Given entries section start

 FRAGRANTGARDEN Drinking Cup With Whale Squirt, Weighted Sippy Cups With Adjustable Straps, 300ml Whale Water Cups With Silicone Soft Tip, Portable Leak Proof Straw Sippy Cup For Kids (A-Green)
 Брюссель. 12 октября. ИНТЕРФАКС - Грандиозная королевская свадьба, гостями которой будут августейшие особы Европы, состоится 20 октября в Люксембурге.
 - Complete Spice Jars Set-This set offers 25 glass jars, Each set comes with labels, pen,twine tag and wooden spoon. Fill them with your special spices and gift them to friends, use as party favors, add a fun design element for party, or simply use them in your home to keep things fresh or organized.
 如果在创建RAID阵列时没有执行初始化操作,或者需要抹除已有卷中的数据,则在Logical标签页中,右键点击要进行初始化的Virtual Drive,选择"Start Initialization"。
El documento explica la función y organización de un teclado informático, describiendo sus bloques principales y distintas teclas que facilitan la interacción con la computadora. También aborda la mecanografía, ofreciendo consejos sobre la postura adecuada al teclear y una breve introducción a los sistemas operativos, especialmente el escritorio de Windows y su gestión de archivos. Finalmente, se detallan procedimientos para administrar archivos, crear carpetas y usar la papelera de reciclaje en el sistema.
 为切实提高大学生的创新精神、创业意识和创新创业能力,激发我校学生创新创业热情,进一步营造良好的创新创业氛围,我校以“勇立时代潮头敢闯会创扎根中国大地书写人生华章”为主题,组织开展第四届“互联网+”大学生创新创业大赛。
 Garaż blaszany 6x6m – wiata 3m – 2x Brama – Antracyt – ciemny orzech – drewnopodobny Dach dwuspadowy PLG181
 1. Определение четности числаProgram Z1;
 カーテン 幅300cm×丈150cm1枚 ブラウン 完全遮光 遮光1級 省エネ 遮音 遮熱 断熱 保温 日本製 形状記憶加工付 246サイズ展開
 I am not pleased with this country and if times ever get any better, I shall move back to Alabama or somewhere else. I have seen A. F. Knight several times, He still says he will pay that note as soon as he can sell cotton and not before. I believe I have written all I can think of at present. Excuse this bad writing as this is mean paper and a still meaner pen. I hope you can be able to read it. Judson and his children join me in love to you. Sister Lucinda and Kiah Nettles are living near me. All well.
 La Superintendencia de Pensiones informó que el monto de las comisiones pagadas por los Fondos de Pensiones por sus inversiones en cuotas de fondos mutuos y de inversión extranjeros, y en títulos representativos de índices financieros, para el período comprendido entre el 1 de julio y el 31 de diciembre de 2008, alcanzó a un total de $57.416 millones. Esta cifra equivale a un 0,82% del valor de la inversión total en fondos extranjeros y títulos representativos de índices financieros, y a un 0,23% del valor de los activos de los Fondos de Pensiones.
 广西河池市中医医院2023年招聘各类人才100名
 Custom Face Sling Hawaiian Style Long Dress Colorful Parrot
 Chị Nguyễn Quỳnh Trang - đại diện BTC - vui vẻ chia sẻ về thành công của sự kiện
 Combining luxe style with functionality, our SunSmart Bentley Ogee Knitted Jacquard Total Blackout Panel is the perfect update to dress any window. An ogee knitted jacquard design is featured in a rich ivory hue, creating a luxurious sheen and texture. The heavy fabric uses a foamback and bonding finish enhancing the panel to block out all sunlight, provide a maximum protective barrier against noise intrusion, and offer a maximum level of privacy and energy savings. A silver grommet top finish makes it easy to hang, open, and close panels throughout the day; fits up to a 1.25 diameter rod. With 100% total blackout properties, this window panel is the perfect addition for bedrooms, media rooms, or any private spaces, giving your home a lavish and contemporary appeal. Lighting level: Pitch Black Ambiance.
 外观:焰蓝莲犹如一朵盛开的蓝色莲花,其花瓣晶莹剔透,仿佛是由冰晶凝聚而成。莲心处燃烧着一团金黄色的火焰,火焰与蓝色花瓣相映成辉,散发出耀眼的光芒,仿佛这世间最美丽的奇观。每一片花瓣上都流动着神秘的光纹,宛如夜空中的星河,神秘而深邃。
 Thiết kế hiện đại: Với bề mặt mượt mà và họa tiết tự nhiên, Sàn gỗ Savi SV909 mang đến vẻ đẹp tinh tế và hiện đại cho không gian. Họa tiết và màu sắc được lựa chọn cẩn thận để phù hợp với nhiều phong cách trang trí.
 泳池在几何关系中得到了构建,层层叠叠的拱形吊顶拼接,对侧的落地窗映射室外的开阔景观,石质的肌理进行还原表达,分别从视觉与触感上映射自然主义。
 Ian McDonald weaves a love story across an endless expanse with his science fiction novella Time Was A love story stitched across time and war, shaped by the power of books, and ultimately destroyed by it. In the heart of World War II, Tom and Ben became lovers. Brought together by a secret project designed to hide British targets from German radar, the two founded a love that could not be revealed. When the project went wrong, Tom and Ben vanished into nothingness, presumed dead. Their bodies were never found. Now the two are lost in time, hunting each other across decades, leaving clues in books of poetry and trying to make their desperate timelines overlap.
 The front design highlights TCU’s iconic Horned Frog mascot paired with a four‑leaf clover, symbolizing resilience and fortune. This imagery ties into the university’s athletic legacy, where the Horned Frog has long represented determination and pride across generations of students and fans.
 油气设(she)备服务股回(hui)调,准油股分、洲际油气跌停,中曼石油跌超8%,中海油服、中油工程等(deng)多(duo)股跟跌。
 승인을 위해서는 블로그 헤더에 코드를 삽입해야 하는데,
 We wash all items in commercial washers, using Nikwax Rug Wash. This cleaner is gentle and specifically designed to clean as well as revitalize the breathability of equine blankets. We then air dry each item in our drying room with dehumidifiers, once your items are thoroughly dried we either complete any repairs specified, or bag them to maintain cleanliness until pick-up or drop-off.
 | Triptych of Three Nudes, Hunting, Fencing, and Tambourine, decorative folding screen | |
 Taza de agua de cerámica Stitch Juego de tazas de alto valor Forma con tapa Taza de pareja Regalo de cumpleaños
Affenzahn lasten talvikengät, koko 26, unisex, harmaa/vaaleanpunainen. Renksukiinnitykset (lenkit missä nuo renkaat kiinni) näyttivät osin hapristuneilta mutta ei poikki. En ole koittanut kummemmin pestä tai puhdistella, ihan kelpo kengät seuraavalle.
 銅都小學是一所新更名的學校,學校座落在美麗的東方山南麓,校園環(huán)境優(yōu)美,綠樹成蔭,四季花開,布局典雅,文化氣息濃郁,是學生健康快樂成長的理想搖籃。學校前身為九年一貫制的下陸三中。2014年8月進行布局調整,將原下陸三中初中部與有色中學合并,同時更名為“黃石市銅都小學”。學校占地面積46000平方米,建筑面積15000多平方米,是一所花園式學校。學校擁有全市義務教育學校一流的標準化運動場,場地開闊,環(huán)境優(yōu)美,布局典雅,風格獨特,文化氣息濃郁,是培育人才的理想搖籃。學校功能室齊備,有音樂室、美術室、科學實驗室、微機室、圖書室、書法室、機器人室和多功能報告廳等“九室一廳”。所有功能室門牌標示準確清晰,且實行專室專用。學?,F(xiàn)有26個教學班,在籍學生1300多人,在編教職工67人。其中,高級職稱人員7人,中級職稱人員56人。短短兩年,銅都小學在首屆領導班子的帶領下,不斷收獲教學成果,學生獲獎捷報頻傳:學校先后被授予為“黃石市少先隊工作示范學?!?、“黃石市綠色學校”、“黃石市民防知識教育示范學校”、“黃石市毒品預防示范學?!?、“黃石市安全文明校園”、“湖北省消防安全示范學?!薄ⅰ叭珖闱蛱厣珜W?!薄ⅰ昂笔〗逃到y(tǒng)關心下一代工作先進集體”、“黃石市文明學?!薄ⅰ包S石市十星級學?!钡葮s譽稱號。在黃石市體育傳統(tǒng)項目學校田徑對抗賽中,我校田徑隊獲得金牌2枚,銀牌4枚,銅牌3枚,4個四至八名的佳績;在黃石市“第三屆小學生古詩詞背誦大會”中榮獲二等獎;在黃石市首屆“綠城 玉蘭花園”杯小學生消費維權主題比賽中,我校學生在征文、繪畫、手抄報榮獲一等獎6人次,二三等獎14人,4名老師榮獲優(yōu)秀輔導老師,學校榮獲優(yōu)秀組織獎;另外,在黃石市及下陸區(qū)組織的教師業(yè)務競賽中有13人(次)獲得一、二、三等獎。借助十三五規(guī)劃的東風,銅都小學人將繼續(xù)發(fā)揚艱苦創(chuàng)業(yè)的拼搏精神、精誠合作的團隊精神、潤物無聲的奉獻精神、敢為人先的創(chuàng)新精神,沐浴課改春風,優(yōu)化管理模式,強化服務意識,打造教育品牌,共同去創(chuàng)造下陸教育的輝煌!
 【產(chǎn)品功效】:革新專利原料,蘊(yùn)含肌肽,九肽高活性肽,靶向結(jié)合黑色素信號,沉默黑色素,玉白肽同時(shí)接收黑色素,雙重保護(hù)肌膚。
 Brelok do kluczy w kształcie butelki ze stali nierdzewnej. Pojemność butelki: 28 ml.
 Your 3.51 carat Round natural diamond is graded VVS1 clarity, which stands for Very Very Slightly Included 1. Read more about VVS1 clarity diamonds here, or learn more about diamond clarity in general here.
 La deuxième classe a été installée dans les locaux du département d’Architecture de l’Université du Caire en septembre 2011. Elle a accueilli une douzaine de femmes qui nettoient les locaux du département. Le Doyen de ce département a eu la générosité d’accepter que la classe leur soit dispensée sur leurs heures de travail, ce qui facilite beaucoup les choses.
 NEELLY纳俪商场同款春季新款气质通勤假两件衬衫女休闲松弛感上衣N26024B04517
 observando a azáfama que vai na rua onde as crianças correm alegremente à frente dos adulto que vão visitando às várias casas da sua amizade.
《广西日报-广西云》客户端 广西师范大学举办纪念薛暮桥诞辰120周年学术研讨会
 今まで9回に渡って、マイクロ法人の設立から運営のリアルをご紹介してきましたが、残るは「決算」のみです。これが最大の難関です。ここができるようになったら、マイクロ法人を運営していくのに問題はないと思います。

Given entries section end

Task requirements: Above are the records; from them, give again exactly the lines from the one containing "Ian McDonald weaves" to the one containing "Affenzahn lasten talvikengät, koko", both lines included, and nothing more.

Reply:
 Ian McDonald weaves a love story across an endless expanse with his science fiction novella Time Was A love story stitched across time and war, shaped by the power of books, and ultimately destroyed by it. In the heart of World War II, Tom and Ben became lovers. Brought together by a secret project designed to hide British targets from German radar, the two founded a love that could not be revealed. When the project went wrong, Tom and Ben vanished into nothingness, presumed dead. Their bodies were never found. Now the two are lost in time, hunting each other across decades, leaving clues in books of poetry and trying to make their desperate timelines overlap.
 The front design highlights TCU’s iconic Horned Frog mascot paired with a four‑leaf clover, symbolizing resilience and fortune. This imagery ties into the university’s athletic legacy, where the Horned Frog has long represented determination and pride across generations of students and fans.
 油气设(she)备服务股回(hui)调,准油股分、洲际油气跌停,中曼石油跌超8%,中海油服、中油工程等(deng)多(duo)股跟跌。
 승인을 위해서는 블로그 헤더에 코드를 삽입해야 하는데,
 We wash all items in commercial washers, using Nikwax Rug Wash. This cleaner is gentle and specifically designed to clean as well as revitalize the breathability of equine blankets. We then air dry each item in our drying room with dehumidifiers, once your items are thoroughly dried we either complete any repairs specified, or bag them to maintain cleanliness until pick-up or drop-off.
 | Triptych of Three Nudes, Hunting, Fencing, and Tambourine, decorative folding screen | |
 Taza de agua de cerámica Stitch Juego de tazas de alto valor Forma con tapa Taza de pareja Regalo de cumpleaños
Affenzahn lasten talvikengät, koko 26, unisex, harmaa/vaaleanpunainen. Renksukiinnitykset (lenkit missä nuo renkaat kiinni) näyttivät osin hapristuneilta mutta ei poikki. En ole koittanut kummemmin pestä tai puhdistella, ihan kelpo kengät seuraavalle.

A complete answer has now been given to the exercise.